▸ About this exercise
When you copy the entries, keep every word exactly as it is and drop the images.

Extracted records:
Segment Open
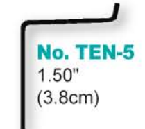
No. TEN-5 1.50" (3.8cm)
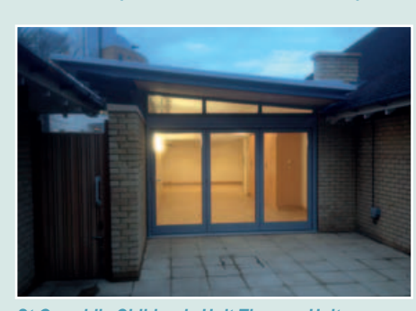
St Oswald's Children's Unit Therapy Unit.
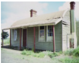
gordon railway station gowrie street gordon front view nov1986
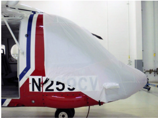
Sikorsky S-92 Windshield/Nose Cover, test fit cover

This cover type is made from Silver Acrylic Sunbrella canvas and is 100% lined with a soft and smooth microfiber. Bruce's Custom Covers developed this material combination especially for aircraft protection. The outer material is medium weight and treated for water resistance, UV resistance and anti-static buildup. The inner lining is a very soft and smooth microfiber to prevent scratching. The material is very reflective, and tests show that the cabin interior temperature can be reduced to near-ambient temperature on the hottest of days. It is water, ice and snow repellent, yet breathable to allow moisture to escape from between the cover and the aircraft surface.
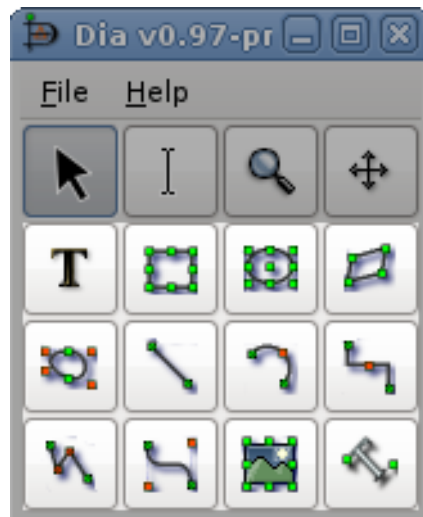
Figure 5.1: Basic Objects

Dia has a dozen basic objects: Text, Box, Ellipse, Polygon, Bezierngon, Line, Arc, Zigzagline, Polyline, Bezierline, Image and Outline.
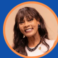
Renee Baskerville Mayor, Montclair
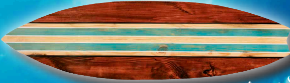
HT-73-WT The Seabreeze Shimmy
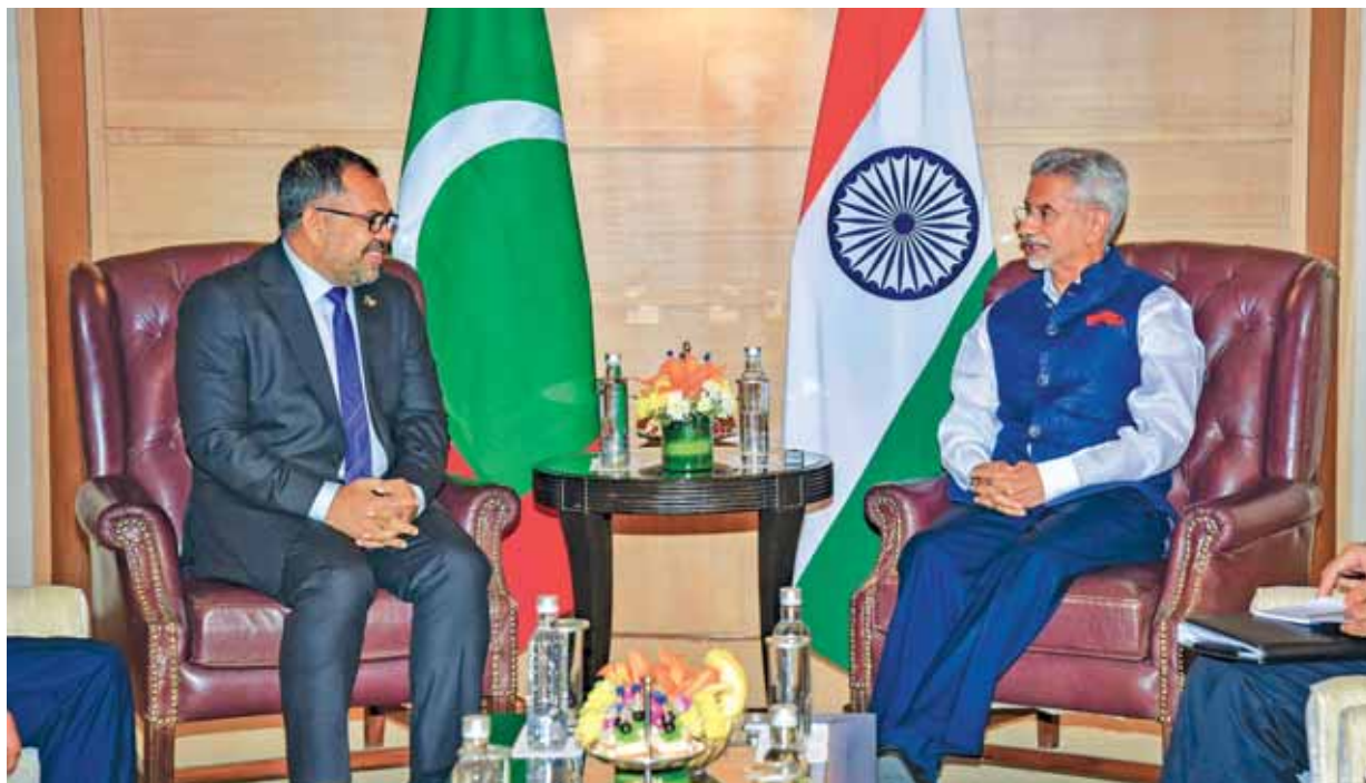
External Affairs Minister S Jaishankar with Maldives Foreign Minister Moosa Zameer at a meeting in New Delhi

Development of India-Maldives ties is based on "mutual interests" and "reciprocal sensitivity", External Affairs Minister S Jaishankar said here on Thursday during his talks with his Maldivian counterpart Moosa Zameer. These remarks came in the backdrop of strained ties between the two countries after President Mohamed Muizzu insisted on withdrawal of Indian military personnel operating three military platforms in the island nation. Zameer is New Delhi in the first high-level trip from Male after the Maldives' pro-China president Muizzu assumed office six months ago. "As close and proximate neighbours, the development of our ties is obviously based on mutual interests and reciprocal sensitivity," Jaishankar said in his opening remarks in his meeting with Zameer. "As far as India is concerned, these are articulated in terms of our Neighbourhood First policy and SAGAR (Security and Growth for all in the Region) vision. I hope that our meeting today will enable us to strengthen the convergence
Segment Closed
▸ Response to this exercise
No. TEN-5 1.50" (3.8cm)
St Oswald's Children's Unit Therapy Unit.
gordon railway station gowrie street gordon front view nov1986
Sikorsky S-92 Windshield/Nose Cover, test fit cover

This cover type is made from Silver Acrylic Sunbrella canvas and is 100% lined with a soft and smooth microfiber. Bruce's Custom Covers developed this material combination especially for aircraft protection. The outer material is medium weight and treated for water resistance, UV resistance and anti-static buildup. The inner lining is a very soft and smooth microfiber to prevent scratching. The material is very reflective, and tests show that the cabin interior temperature can be reduced to near-ambient temperature on the hottest of days. It is water, ice and snow repellent, yet breathable to allow moisture to escape from between the cover and the aircraft surface.
Figure 5.1: Basic Objects

Dia has a dozen basic objects: Text, Box, Ellipse, Polygon, Bezierngon, Line, Arc, Zigzagline, Polyline, Bezierline, Image and Outline.
Renee Baskerville Mayor, Montclair
HT-73-WT The Seabreeze Shimmy
External Affairs Minister S Jaishankar with Maldives Foreign Minister Moosa Zameer at a meeting in New Delhi

Development of India-Maldives ties is based on "mutual interests" and "reciprocal sensitivity", External Affairs Minister S Jaishankar said here on Thursday during his talks with his Maldivian counterpart Moosa Zameer. These remarks came in the backdrop of strained ties between the two countries after President Mohamed Muizzu insisted on withdrawal of Indian military personnel operating three military platforms in the island nation. Zameer is New Delhi in the first high-level trip from Male after the Maldives' pro-China president Muizzu assumed office six months ago. "As close and proximate neighbours, the development of our ties is obviously based on mutual interests and reciprocal sensitivity," Jaishankar said in his opening remarks in his meeting with Zameer. "As far as India is concerned, these are articulated in terms of our Neighbourhood First policy and SAGAR (Security and Growth for all in the Region) vision. I hope that our meeting today will enable us to strengthen the convergence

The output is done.